Task statement >> Below are entries. Copy exactly the lines running from the line that holds "Защита столешницы из" to the line that holds "L'objectif du parcours", with both ends included.

═════ Record set

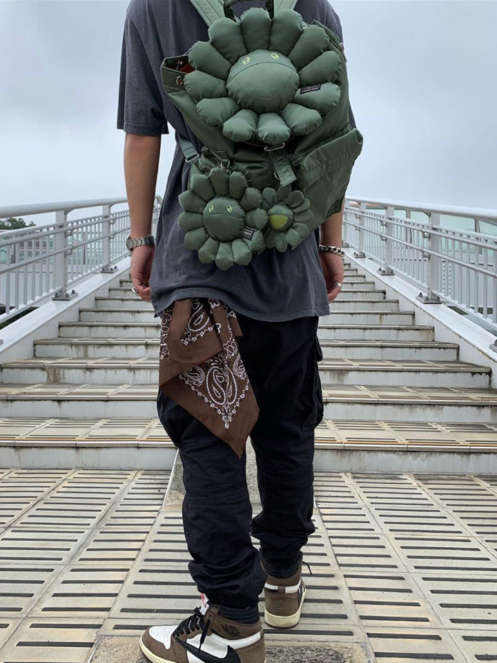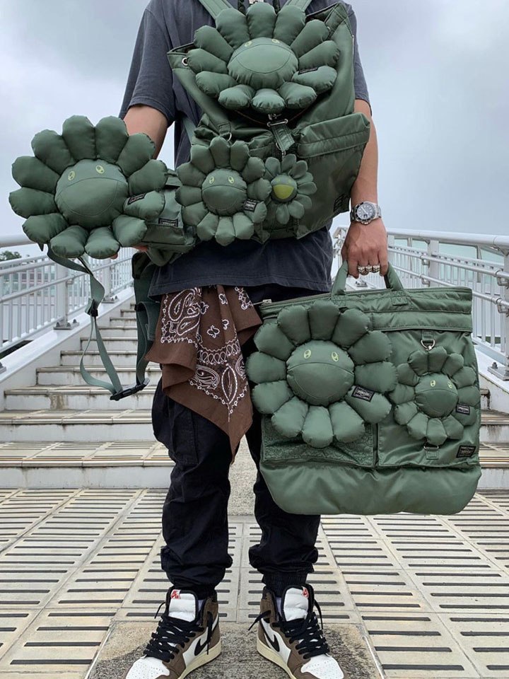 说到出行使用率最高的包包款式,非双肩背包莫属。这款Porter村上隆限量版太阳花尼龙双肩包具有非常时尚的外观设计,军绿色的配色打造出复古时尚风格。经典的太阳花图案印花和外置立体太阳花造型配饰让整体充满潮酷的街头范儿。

══════════
═════ Record set

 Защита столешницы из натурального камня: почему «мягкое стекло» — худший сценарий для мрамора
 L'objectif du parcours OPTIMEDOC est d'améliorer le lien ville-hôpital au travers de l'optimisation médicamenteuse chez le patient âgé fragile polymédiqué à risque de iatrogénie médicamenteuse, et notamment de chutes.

══════════

Answer to the exercise >>
 Защита столешницы из натурального камня: почему «мягкое стекло» — худший сценарий для мрамора
 L'objectif du parcours OPTIMEDOC est d'améliorer le lien ville-hôpital au travers de l'optimisation médicamenteuse chez le patient âgé fragile polymédiqué à risque de iatrogénie médicamenteuse, et notamment de chutes.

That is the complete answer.